By accident, a large plate is dropped and breaks into three pieces. The pieces fly apart parallel to the floor, with v1 = 2.75 m/s and v2 = 1.65 m/s. As the plate falls, its momentum has only a vertical component, and no component parallel to the floor. After the collision, the component of the total momentum parallel to the floor must remain zero, since the net external force acting on the plate has no component parallel to the floor. Using the data shown in the drawing, find the masses of pieces 1 and 2.
m1= kg
m2= kg
To find the masses of pieces 1 and 2, we can use the concept of conservation of momentum. According to the principle of conservation of momentum, the total momentum before the collision should be equal to the total momentum after the collision.
Let's denote the mass of piece 1 as m1 and the mass of piece 2 as m2.

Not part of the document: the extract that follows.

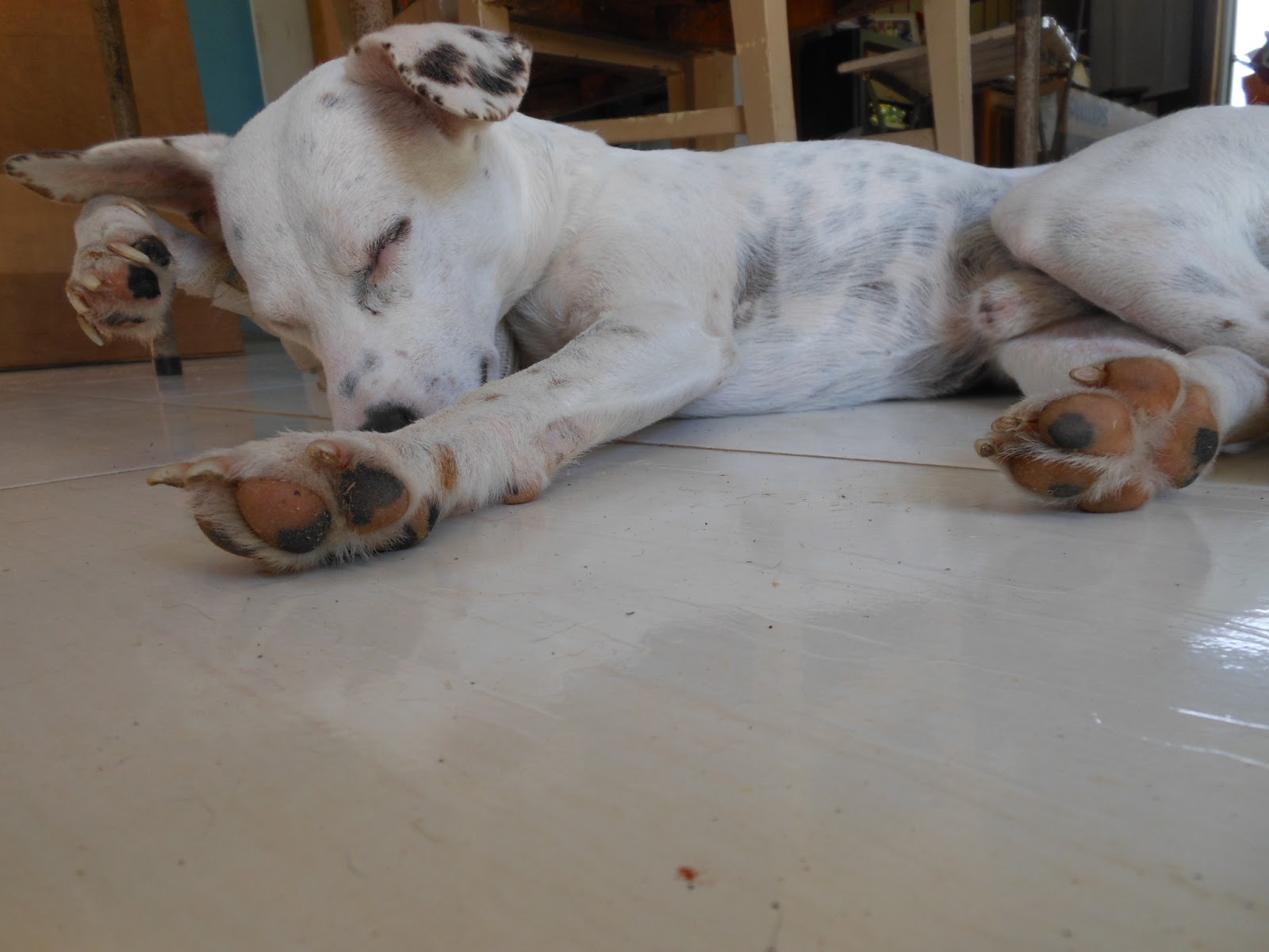 Olha a patinha "machucada" encima da outra. Nem parece que tem defeito.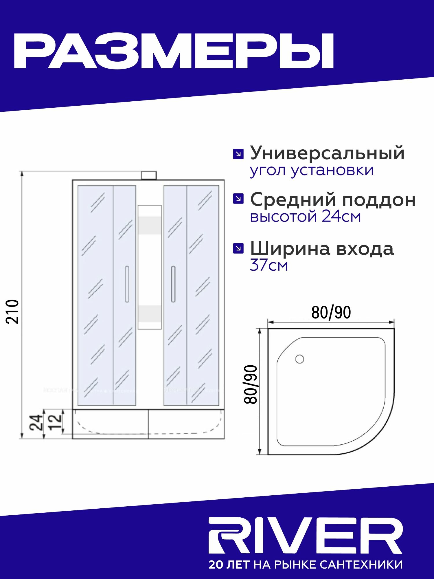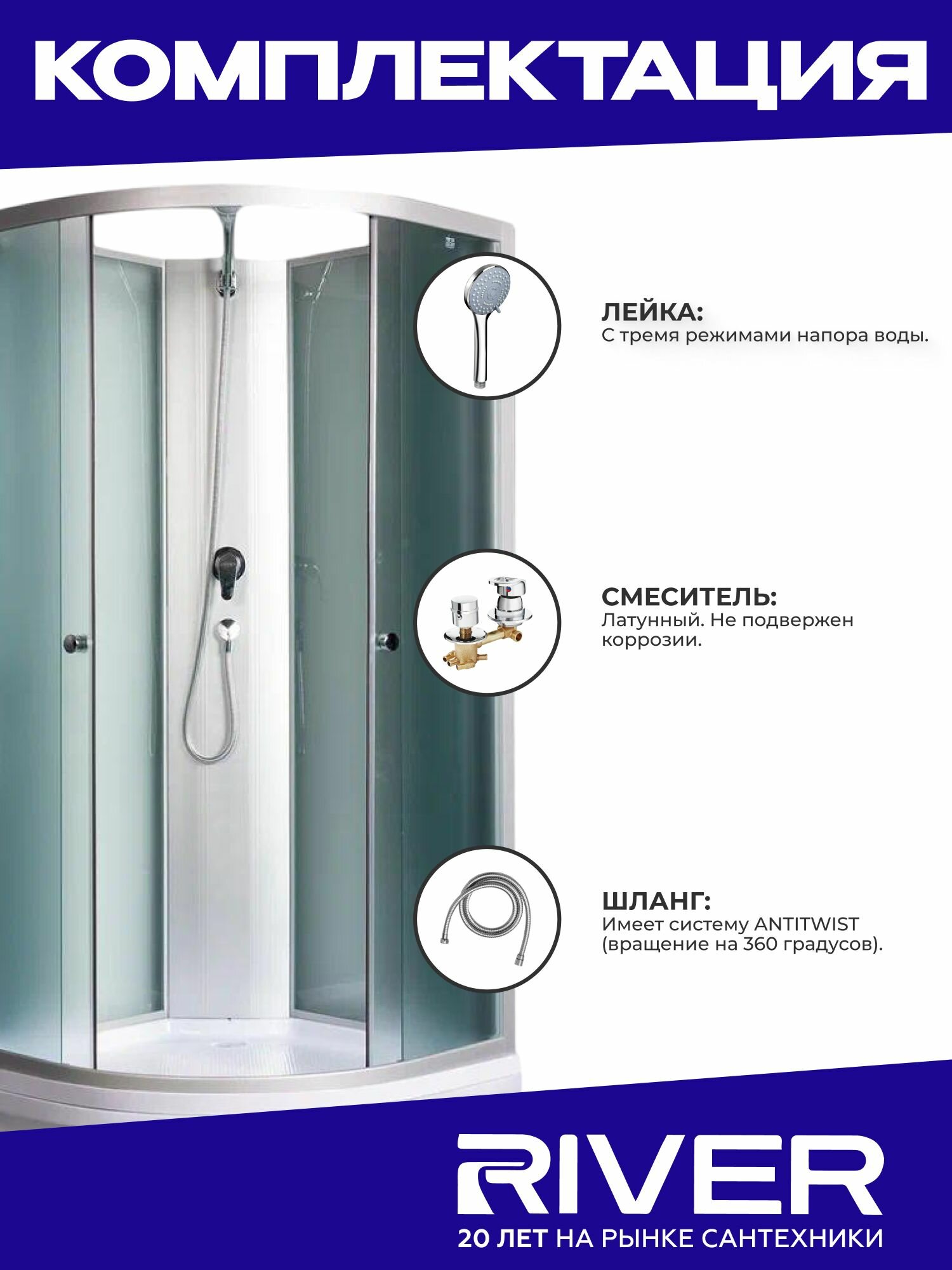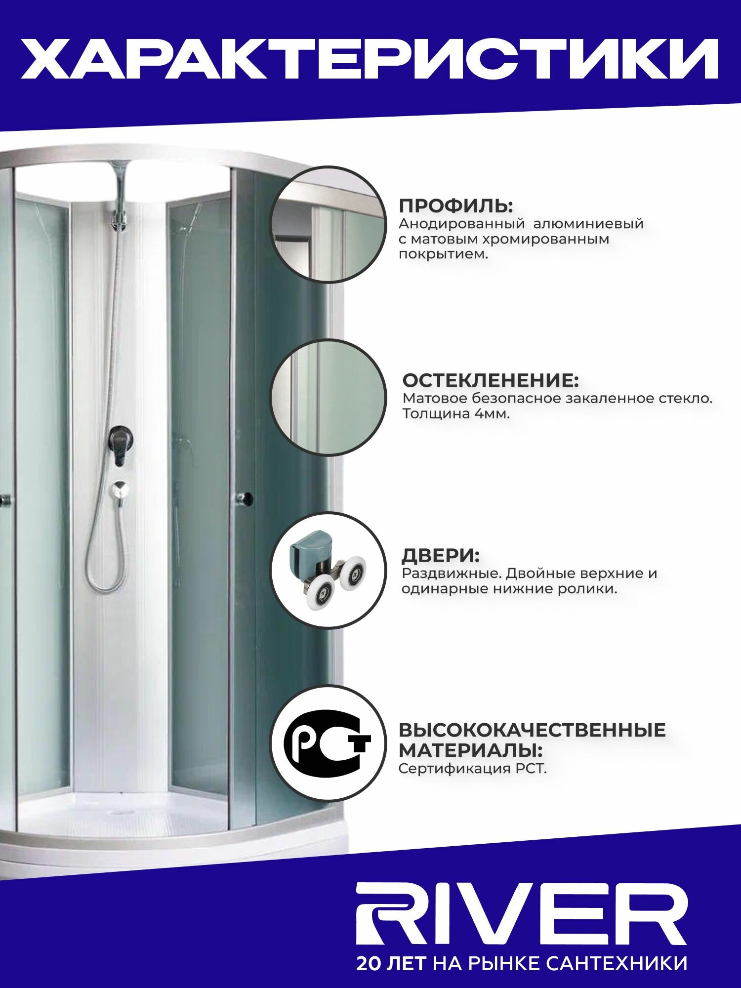 Душевая кабина River NARA LIGHT Б/К XL (80x80) средний поддон, стекло матовое, универсальная интересное:

Before the collision, the plate is in motion parallel to the floor, and its momentum has no component parallel to the floor. This means that the momentum of piece 1 (p1) and piece 2 (p2) must cancel each other out in the horizontal direction.
So, we have:
p1 + p2 = 0
The momentum can be calculated by multiplying the mass (m) of an object by its velocity (v). Therefore, we have:
m1 * v1 + m2 * v2 = 0
Substituting the given values:
m1 * 2.75 m/s + m2 * 1.65 m/s = 0
Now we have one equation with two unknowns. However, we also have another piece of information to utilize. Since the pieces fly apart parallel to the floor after the collision, we can conclude that the magnitude of their velocities remains the same. This implies:
v1 = v2
Substituting this into the equation, we get:
m1 * 2.75 m/s + m2 * 2.75 m/s = 0
Combining like terms:
2.75 m/s (m1 + m2) = 0
From this equation, we can see that the sum of the masses (m1 + m2) must be equal to zero. This means that either m1 or m2 must be negative. However, mass cannot be negative in reality. Therefore, we can conclude that both masses must be zero.
Thus, the masses of pieces 1 and 2 are both zero kg.